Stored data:
──────────────────────────────

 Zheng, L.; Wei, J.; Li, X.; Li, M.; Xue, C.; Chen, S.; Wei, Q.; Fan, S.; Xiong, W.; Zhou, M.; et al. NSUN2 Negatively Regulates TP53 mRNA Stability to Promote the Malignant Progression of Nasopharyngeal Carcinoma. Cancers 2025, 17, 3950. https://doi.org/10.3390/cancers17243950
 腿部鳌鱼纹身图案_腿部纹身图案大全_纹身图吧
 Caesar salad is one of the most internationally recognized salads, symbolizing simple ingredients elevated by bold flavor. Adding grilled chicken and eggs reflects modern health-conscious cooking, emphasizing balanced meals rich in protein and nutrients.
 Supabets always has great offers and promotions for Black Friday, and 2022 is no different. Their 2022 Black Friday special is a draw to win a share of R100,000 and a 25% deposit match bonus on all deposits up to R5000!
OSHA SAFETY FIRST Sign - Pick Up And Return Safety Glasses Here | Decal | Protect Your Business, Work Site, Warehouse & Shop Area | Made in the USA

──────────────────────────────

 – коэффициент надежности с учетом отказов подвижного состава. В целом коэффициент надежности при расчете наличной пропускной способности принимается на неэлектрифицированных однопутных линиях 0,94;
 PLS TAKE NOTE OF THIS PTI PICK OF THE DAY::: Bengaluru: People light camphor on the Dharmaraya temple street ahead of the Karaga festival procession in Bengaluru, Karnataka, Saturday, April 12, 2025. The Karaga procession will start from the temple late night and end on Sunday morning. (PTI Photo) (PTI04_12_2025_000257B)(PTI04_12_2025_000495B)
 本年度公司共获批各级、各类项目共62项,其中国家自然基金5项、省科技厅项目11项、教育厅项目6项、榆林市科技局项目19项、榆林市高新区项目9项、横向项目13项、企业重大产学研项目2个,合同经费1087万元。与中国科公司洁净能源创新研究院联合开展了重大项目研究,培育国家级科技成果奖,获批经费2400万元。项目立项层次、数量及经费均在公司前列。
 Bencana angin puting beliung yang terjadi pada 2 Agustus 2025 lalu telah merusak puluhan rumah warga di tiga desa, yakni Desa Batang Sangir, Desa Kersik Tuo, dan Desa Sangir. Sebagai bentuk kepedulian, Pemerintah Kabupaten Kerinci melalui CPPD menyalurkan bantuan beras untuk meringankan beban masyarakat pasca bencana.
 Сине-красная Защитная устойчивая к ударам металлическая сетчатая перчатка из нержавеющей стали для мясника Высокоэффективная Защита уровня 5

──────────────────────────────

### Exercise aim
Taking the line with "PLS TAKE NOTE" as the first and the line with "Сине-красная Защитная устойчивая" as the last, retype that stretch of the data above exactly, with no other lines.

### Result
 PLS TAKE NOTE OF THIS PTI PICK OF THE DAY::: Bengaluru: People light camphor on the Dharmaraya temple street ahead of the Karaga festival procession in Bengaluru, Karnataka, Saturday, April 12, 2025. The Karaga procession will start from the temple late night and end on Sunday morning. (PTI Photo) (PTI04_12_2025_000257B)(PTI04_12_2025_000495B)
 本年度公司共获批各级、各类项目共62项,其中国家自然基金5项、省科技厅项目11项、教育厅项目6项、榆林市科技局项目19项、榆林市高新区项目9项、横向项目13项、企业重大产学研项目2个,合同经费1087万元。与中国科公司洁净能源创新研究院联合开展了重大项目研究,培育国家级科技成果奖,获批经费2400万元。项目立项层次、数量及经费均在公司前列。
 Bencana angin puting beliung yang terjadi pada 2 Agustus 2025 lalu telah merusak puluhan rumah warga di tiga desa, yakni Desa Batang Sangir, Desa Kersik Tuo, dan Desa Sangir. Sebagai bentuk kepedulian, Pemerintah Kabupaten Kerinci melalui CPPD menyalurkan bantuan beras untuk meringankan beban masyarakat pasca bencana.
 Сине-красная Защитная устойчивая к ударам металлическая сетчатая перчатка из нержавеющей стали для мясника Высокоэффективная Защита уровня 5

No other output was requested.